Language technologies, like ChatGPT, are developing quickly. But we don’t really know how they work. And they are not always designed to help society.

12 juni 2024, Nikki Weststeijn

Illustration by Arco Mul

If ChatGPT gives us an answer to a factual question, we have no idea if this answer is really true. Open AI, the makers of ChatGPT, bear no responsibility that their chatbot and text generator will reply truthfully. Similarly, if an employer uses some type of language technology to screen the CV’s of applicants, there is no promise that the technology will not be biased in some way.

This is because these technologies are all self-learning algorithms. It is a type of artificial intelligence that is trained by seeing sets of exemplary inputs and correct outputs and then learns some strategy to come up with outputs on its own. It is unclear why the algorithm will give one answer and not the other.

Prof dr Floris Roelofsen

Floris Roelofsen, professor at the ILLC, is director of a new large-scale research project called ‘Language Sciences for Social Good’ (LSG) at the University of Amsterdam. The idea behind this overarching research project is to make sure that language technology will also be used for social good, and not just guided by cost-efficiency and result-driven goals. Roelofsen: “Language technology is booming, it’s really transforming society. With ChatGPT it’s very clear, but this development has been going on for the past 25 years. We have been using language technology when we search on google, when we translate pieces of text, or when we use voice assistants on our phone.”

Language technology has a lot of impact, but in areas where it could potentially have a positive impact, it is still lacking, according to Roelofsen. The LSG project has a threefold goal: to use more responsible methods in developing language technology, and make sure that language technology can contribute to a safe society and an inclusive society.

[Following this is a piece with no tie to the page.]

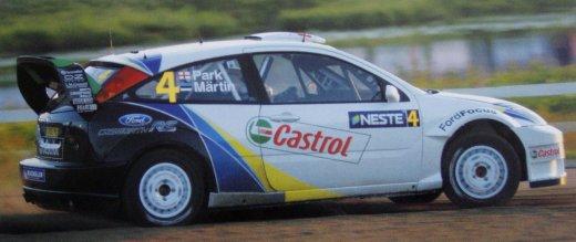 Nach der Gruppe B Zeit mit dem RS 2000, Gott habe sie selig, kam dann der Gruppe A Sierra zum Einsatz. Im Jahre 1993 kam dann die letzte Stufe des Escorts in die Rallye WM. Erst als der sogenannter Cossy in der Gruppe A Version, später dann auch noch als WRC Version. Ende der neunziger Jahre stellte Ford die Produktion des Escorts ein. Somit kam sein Nachfolger FOCUS zum Einsatz. Im Jahre 2003 fing Ford nicht an zu kleckern sondern an zu klotzen. Aus dem Focus wurde ein richtiges Flügelmonster. Märtin konnte mit diesem Fahrzeug auf den Schotter HIGHSPEED PISTEN Finnlands seine Gegner hinter sich lassen. Hierbei konnte er sogar noch einen Weltrekord aufstellen. Bei einem JUMP konnte er 57 Meter weit fliegen bei einer Geschwindigkeit von 171 km/h.

One of the main goals in terms of using responsible methods in language sciences, is that language technology should be more transparent. Going back to the CV-screening example: in the training phase, the algorithm is shown sets of CV’s and the cv that in the past has actually been picked by an employer. The algorithm then learns a way to select a CV out of a pile of CV’s, the one that is supposed to belong to the best candidate for the job.

Unless we add additional rules to the program, this algorithm will not make the decision in a way that is similar to how a human makes the decision. It is not a decision based on certain principles, like the fact that the candidate needs to be trustworthy, hardworking and smart. It will just be a decision based on what is the most likely outcome given the examples that it has seen.

A researcher at the ILLC who has started doing research related to the transparency of AI is Fausto Carcassi. He is a cognitive scientist and is working on a model that uses probabilities to determine the meaning of a word in different contexts. Carcassi hopes that methods of this model can also be used by Large Language Models (LLM’s) such as ChatGPT and that, vice versa, techniques used by LLM’s can also improve the model he is working on.

Dr Fausto Carcassi
Fausto Carcassi: Creating transparent AI by improving linguistic understanding

If you read an answer given by ChatGPT, the language used seems very human. Yet, there is no human behind the screen that actually understands the answer that is given. We also don’t really know how the algorithm knows what to answer, because it has learnt in its own way when it should give a certain output. In this sense, algorithms like this are considered ‘uninterpretable’ or ‘non-transparent’.

Fausto Carcassi is a cognitive scientist who studies how the meaning of words and phrases changes in different contexts, which is known as ‘pragmatics’. He is trying to find a way to combine his pragmatics model with the techniques used by large language models like ChatGPT.

By building some of the methods developed in his pragmatics into large language models (LLM’s), he hopes that it will become more understandable why an LLM will give one answer in a certain context and not in another. Carcassi: “With these large language models, it’s like they know how to draw a plant, but they don’t even know what a plant looks like.” Possibly, it can also make AI give answers that are better suited to the context and, for example, not offend anyone who is reading the answer.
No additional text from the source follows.